The instrument should expressly permit the solicitor to instruct their own firm for legal work. The remuneration clause should also permit the solicitor to outsource or to brief non legal work to administrative staff within the firm and specify the basis on which this will be charged.3

Please see QLS Guidance Statement No 10. Power of attorney (solicitor attorney remuneration) for more comprehensive guidance on navigating the challenges that arise for solicitors acting as an attorney.4

An onerous responsibility

One of the more pressing tasks is ensuring that you have control over all finances, have claimed all entitlements the Adult can properly obtain and that legitimate debts (including family loans) are pursued. The client’s accounts are “Power Money” and subject to audit and record keeping obligations. The better your client’s record keeping, the easier your task will be – in particular, recording whether payments to friends and family are loans, care and maintenance or gifts.

If you can convince your client to keep an approximately up-to-date dossier recording location of assets, what donations, family maintenance (such as expenses for university aged children or aged parents) and other responsibilities they would like to continue, this will make your life much easier if you suddenly need to take over someone’s affairs.

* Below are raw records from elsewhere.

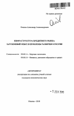Автореферат диссертации по теме "Инфраструктура кредитного рынка: зарубежный опыт и проблемы развития в России"
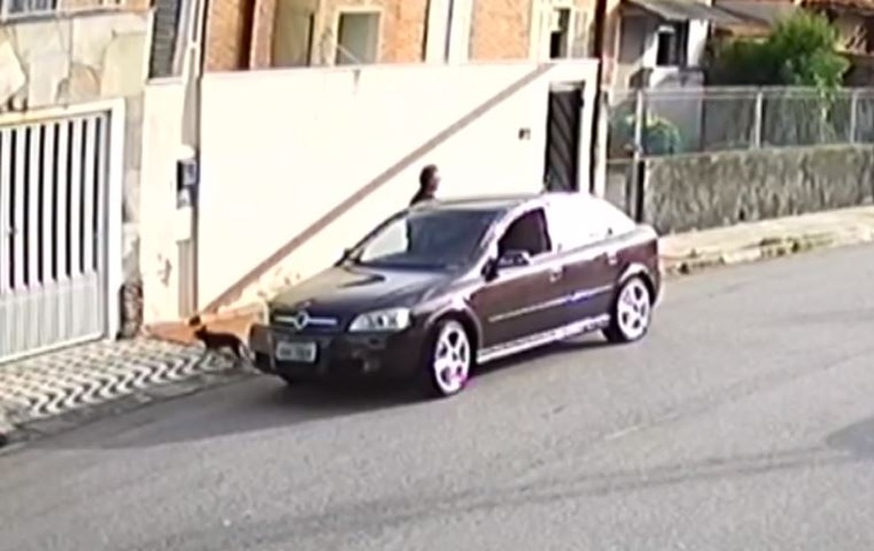 O vídeo ainda mostra que a cadela tentou correr atrás do carro, mas depois desiste.
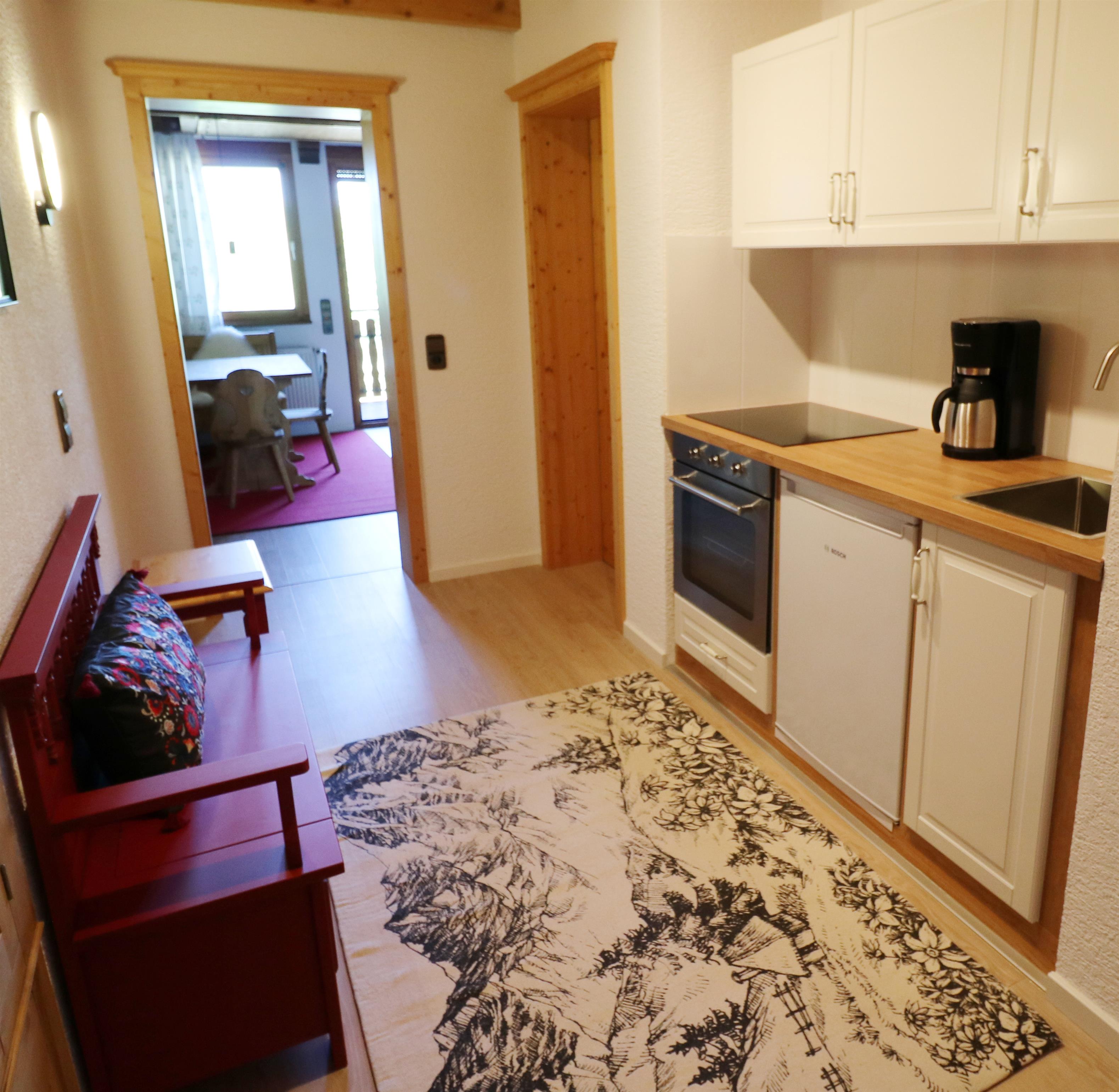 - 1 vollausgestattete Küchenzeile mit Herd mit 4 Kochfeldern, Kühlschrank mit Gefrierfach, Filterkaffeemaschine, Backofen, Toaster
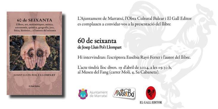 Aquest divendres, dia 19 d’abril, tendrà lloc la presentació del llibre 60 de seixanta (El Gall Editor, 2023) de Josep Lluís Pol i Llompart al municipi de Marratxí, concretament al Museu del Fang (carrer Molí, 4 de sa Cabaneta). L’acte serà a les 19.30 hores i hi intervendran l’escriptora Eusèbia Rayó Ferrer i l’autor del llibre.

Instructions concerning pets are also important.

Go looking for trouble

Appointment as attorney requires a mindset change from your usual relationship with clients. An attorney’s duties are not just reactive but proactive. You cannot wait for someone to tell you there is a problem before acting. An attorney should check in with the Adult on reasonable intervals to determine whether they are still capable of managing their own affairs, or at least have authority to discuss such issues with their support network.

A particularly difficult area is monitoring the Adult’s relationship with carers, friends and family to protect them from exploitation and abuse. The scope of an Attorney’s responsibility in this respect is far wider than a solicitor’s. As a solicitor you may be entitled to step in to defend your client’s interests (generally on instructions, but not always) but usually not obligated to do so.

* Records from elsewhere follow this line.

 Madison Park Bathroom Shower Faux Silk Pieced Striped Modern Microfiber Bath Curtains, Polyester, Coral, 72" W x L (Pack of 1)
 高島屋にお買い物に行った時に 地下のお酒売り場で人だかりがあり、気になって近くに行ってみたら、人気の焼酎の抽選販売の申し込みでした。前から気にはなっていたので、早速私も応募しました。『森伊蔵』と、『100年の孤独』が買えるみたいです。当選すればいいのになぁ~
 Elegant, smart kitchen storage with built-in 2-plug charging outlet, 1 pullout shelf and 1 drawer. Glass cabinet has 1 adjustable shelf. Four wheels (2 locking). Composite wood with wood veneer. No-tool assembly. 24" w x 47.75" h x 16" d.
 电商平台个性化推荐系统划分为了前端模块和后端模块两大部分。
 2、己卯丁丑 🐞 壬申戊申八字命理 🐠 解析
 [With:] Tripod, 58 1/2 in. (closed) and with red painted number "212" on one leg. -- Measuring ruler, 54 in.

A complex balance defending the Adult’s interests while also respecting their wishes and sustaining supportive relationships must be struck. To do that most effectively you should maintain contact with the Adult to ensure that you have enough background about their social, financial and health context.

This will enable you to make good decisions for them when they are unable to do so themselves or – even more difficult – when they are in the penumbral phase of requiring support for more complex decisions. Balanced against this is the cost and the need to ensure that the client does not perceive your interest as that of a vulture circling for the purpose of enumerating their remaining marbles for your own purposes.

You cannot delegate general responsibility to a co-attorney. If they are a family member with more day-to-day contact, they might properly be the appropriate source of many decisions and day-to-day tasks, but you should coordinate to ensure it is clear who is doing what. You also have a mutual audit and supervisory responsibility. If a joint appointment, you may remain responsible for losses even if it had been arranged that the co-attorney would undertake certain tasks.

For any questions or comments: contact David Bowles, QLS Practice & Ethics Centre, on 3842 5937.

Footnotes
1 Legal Services Commissioner v Towers [2006] LPT 003.
2 Re Central Queensland Developments Pty Ltd [1988] 2 Qd R 476.
3 Consider the Public Trustee (Fees & Charges Notice) as an appropriate scale. Alternatively, at your paralegal or junior’s standard charge out rates as applicable from time to time might be appropriate depending on the work required.
4 Queensland Law Society, Power of attorney (solicitor attorney remuneration) (Guidance Statement No 10, 31 January 2018).